I feel a little more human for eating, and for discreetly searching the house when we first got back. I must have left the light on – nothing seems amiss. We move to the comfort of the front room, the warmth of the glowing log fire. Jack leaves us and jumps the stairs three at a time. I still hold my breath. Seconds later, he returns for his mobile abandoned on the kitchen table, crisis averted for the reunion. Our stairs are so shallow and crooked, I wait for the thud of his fall. Then the smooth hums of music feeds down through aged floorboards.

Bea sighs heavily. ‘He’s such a gorgeous lad. I could eat him all up. You’re so lucky, Eve. He’s a real lad, but has that lovely sensitive side to him too.’ She squeezes my shoulder in passing. ‘He loves you to bits,’ she says, slumping herself deep into feather cushions. ‘Can you imagine, being on your own with him, if he was a little git? My brother was. So bloody annoying. We’re okay now, though. I suppose, he’s not so bad. Funny how life changes how you see people.’

She turns to look at Ruan, who has thrown his head back and closed his eyes, stretched out like a contented cat. She nudges his supporting arm away, jolting him back to the moment. ‘Do you get on with your sisters, Ru? I don’t know why, I always think of you being close. But you never really can tell, can you?’

You have no idea, Bea.

‘Are you asking or telling me, Bea? As in, d’you want me to add to your running conversation or are you happy going it alone?’ Playfully slapping her leg.

‘Cheeky! I’m asking you, of course. Just wasn’t sure you were still in the room with us. What with the snoring.’

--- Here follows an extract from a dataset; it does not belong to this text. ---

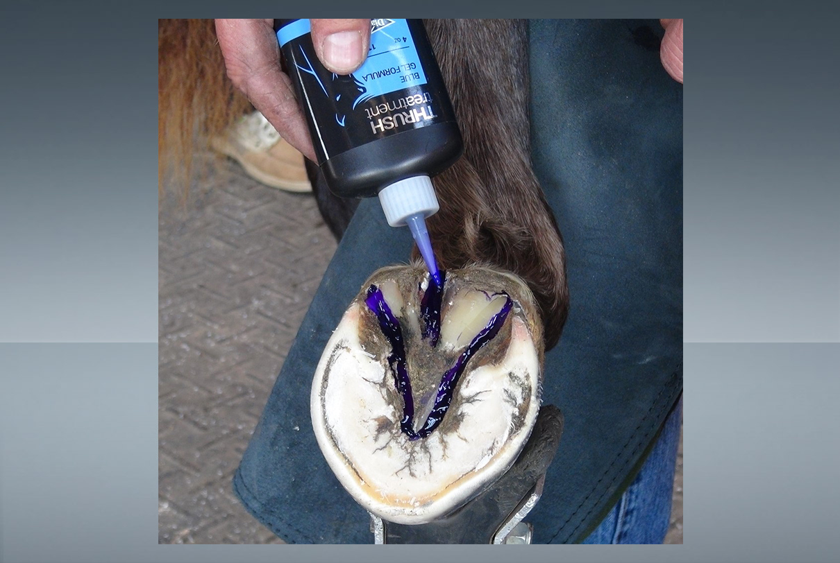 Gel antiséptico que ajuda a reduzir as bactérias e fungos. Une-se à proteína do casco para formar uma barreira entre o tecido infectado e o saudável.

‘Get shot, I so wasn’t snoring.’ He shrugs, sitting up.

‘And dribbling.’ She raises her eyebrows at him. ‘So, do you get on with them?’

‘Yeah, guess so. We still have our moments. Any more beers in the fridge, Eve?’ He stands up at the same time, making his way to the kitchen. He knows I have.

‘Help yourself.’ You’re probably going to need it with what I’m about to divulge.

He’s already opening the fridge door. ‘Anyone else while I’m here?’ he calls out. ‘Mmm, cake, nice one, don’t mind if I do,’ he chatters away. ‘What’s this cake, Eve? Is it edible?’

‘Course. Home-made. Apple and cinnamon or something like that, I think it is. Gloria made it the other day, popped it round while I was at work. I’d forgotten about it. It will be good, try it.’

‘Proper job! Anyone else?’ he calls.

‘God, no, thanks.’ I couldn’t stomach any more food; my gut is already twisting and turning, bound in a tight knot.

‘Yeah, I’ll have some. Make sure my piece is bigger than yours. I’ll be checking.’ Bea taps her stomach in anticipation.